Embora Morte em Família não seja uma das melhores histórias do Batman, é uma das mais importantes do cânone do Cavaleiro das Trevas, por trazer consequências que reverberam até os dias atuais. O antagonismo entre Batman e o Coringa transcendeu o escopo do herói versus vilão para assumir um tom mais pessoal. Toda vez que os dois se enfrentaram a partir de então o duelo entre eles passou a trazer uma pesada carga emocional e psicológica, e passamos a nos perguntar o que o Coringa poderia fazer desta vez para machucar o Batman. E o Morcego de Gotham passou a ser retratado como um herói mais sombrio e amargurado, devido ao sentimento de culpa que ele passou a nutrir por achar que teria errado ao escolher Jason como parceiro. Isto não o impediu, no entanto, de adotar um terceiro Robin - Tim Drake - cujas habilidades dedutivas excepcionais o levaram a descobrir sozinho a identidade tanto do Batman como do antigo Robin. Ainda assim, não foi fácil para o rapaz conquistar o direito de sair para combater o crime ao lado do Batman, que ainda estava receoso em permitir que outra pessoa se colocasse em risco em sua cruzada.

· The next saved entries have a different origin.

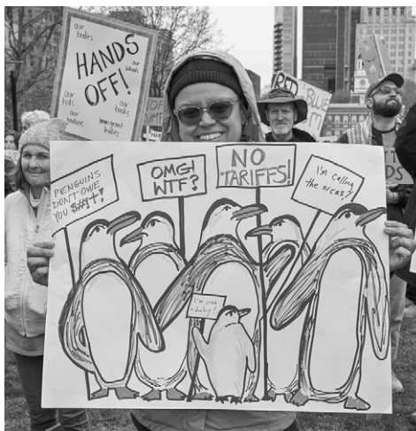
Philadelphia, April 5, 2025.

The fear among capitalists now is that the added cost of new, huge tariffs imposed by Trump will eat into their profit margins.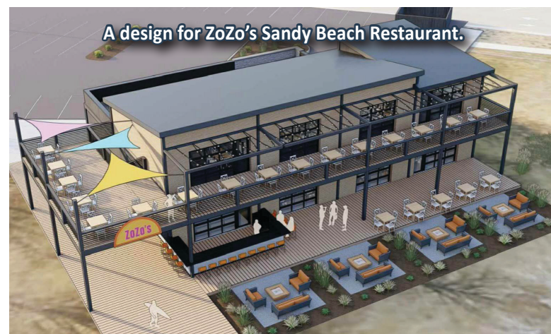
A design for ZoZo's Sandy Beach Restaurant.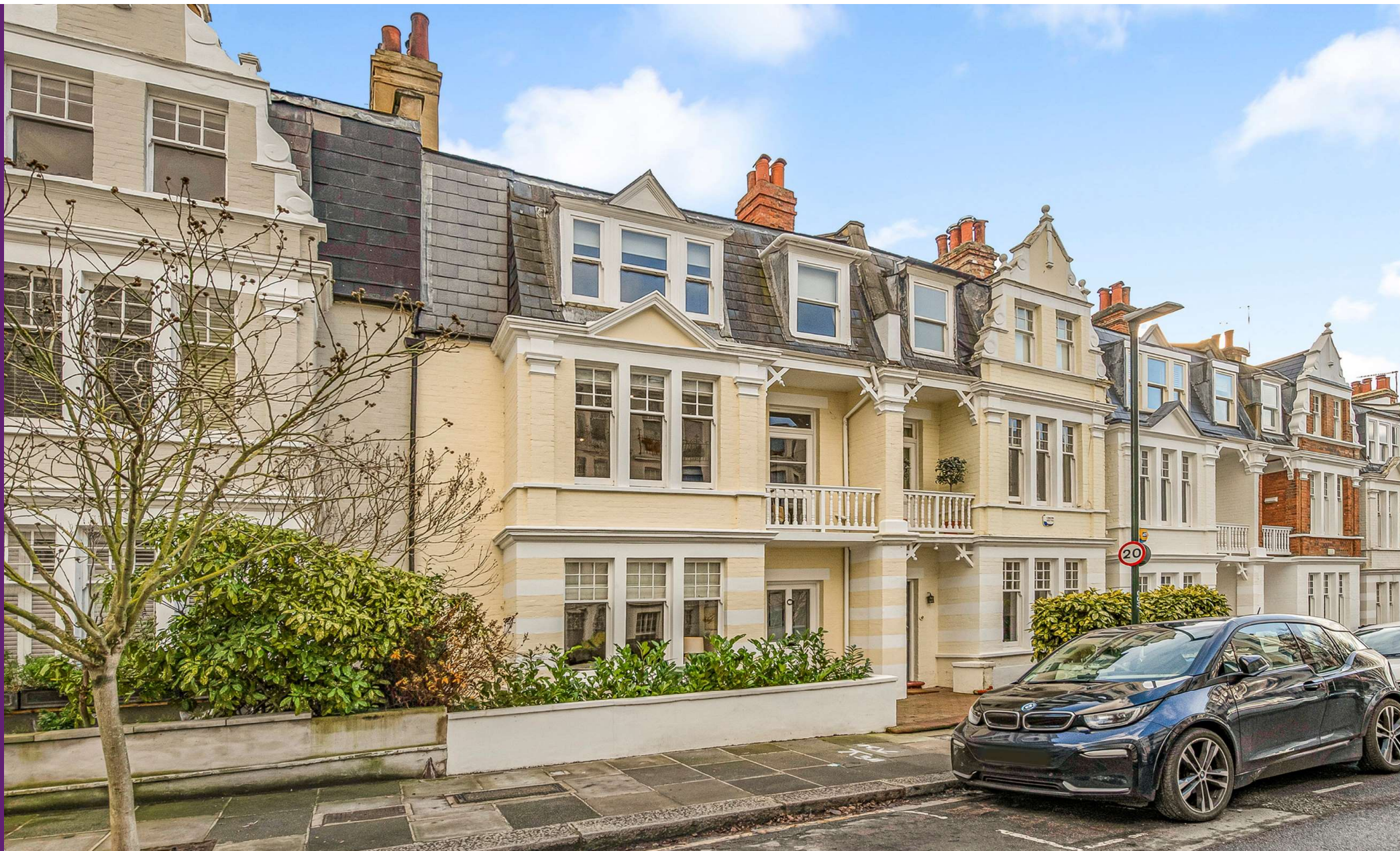
Onslow Avenue Richmond, TW10

Página do Final Alternativo de Morte em Família 

Esta HQ pode ser encontrada no mercado tanto na versão publicada pela Panini, como também na edição 11 da coleção de Graphic Novels DC da Eaglemoss. Ah, e eu não poderia terminar esta resenha sem elogiar a arte nostálgica e "alegre" de Jim Aparo, que deixou uma marca inconfundível e única na forma de desenhar tanto o Batman como o Coringa.

Boa leitura!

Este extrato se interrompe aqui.